> Extracted records:
--------
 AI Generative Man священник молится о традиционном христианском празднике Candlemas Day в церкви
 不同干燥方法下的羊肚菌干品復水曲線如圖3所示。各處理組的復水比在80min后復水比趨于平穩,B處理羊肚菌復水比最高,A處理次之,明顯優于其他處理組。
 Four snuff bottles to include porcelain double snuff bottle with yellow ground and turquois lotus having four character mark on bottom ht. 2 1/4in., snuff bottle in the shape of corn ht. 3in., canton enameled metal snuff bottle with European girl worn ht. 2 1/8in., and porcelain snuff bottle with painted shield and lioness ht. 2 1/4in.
--------
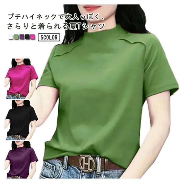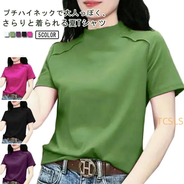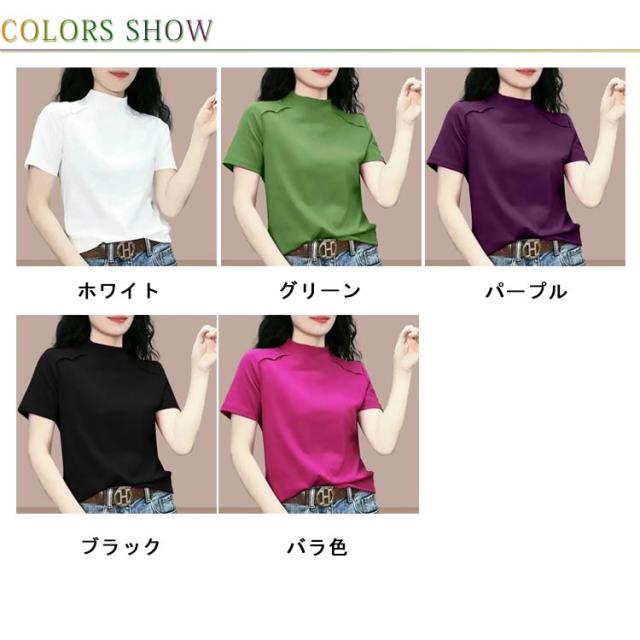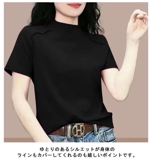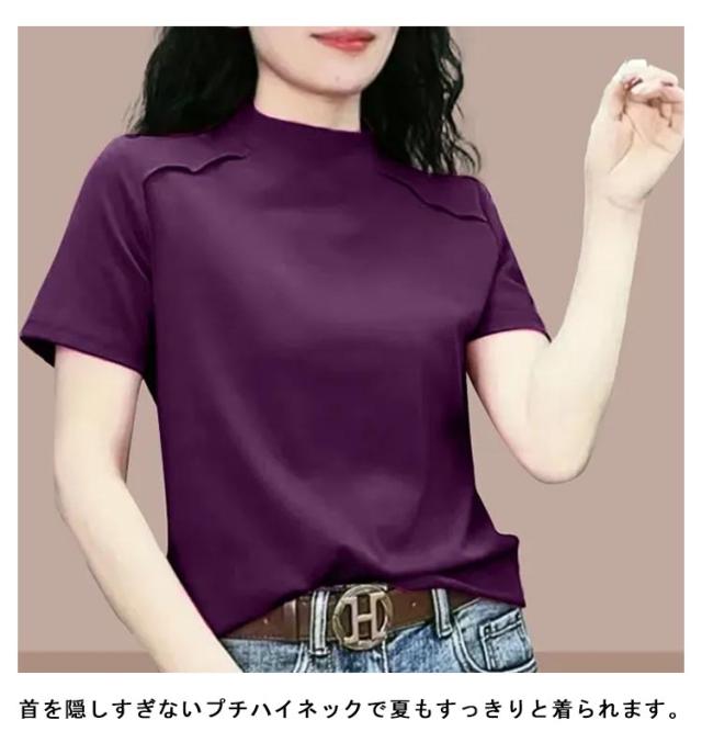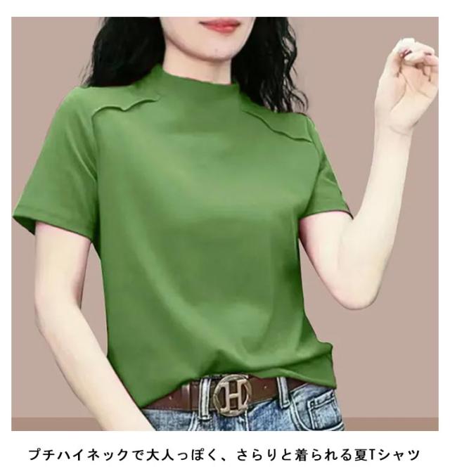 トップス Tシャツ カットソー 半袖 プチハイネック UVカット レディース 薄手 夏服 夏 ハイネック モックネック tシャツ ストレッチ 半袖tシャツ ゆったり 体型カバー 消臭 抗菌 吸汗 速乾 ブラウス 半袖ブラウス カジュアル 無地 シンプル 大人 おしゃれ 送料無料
--------
> Task instructions:
Each line in the entries above, starting at the line with "AI Generative Man" and ending at the line with "Four snuff bottles", is to be printed exactly, and only those lines.

> Written response:
 AI Generative Man священник молится о традиционном христианском празднике Candlemas Day в церкви
 不同干燥方法下的羊肚菌干品復水曲線如圖3所示。各處理組的復水比在80min后復水比趨于平穩,B處理羊肚菌復水比最高,A處理次之,明顯優于其他處理組。
 Four snuff bottles to include porcelain double snuff bottle with yellow ground and turquois lotus having four character mark on bottom ht. 2 1/4in., snuff bottle in the shape of corn ht. 3in., canton enameled metal snuff bottle with European girl worn ht. 2 1/8in., and porcelain snuff bottle with painted shield and lioness ht. 2 1/4in.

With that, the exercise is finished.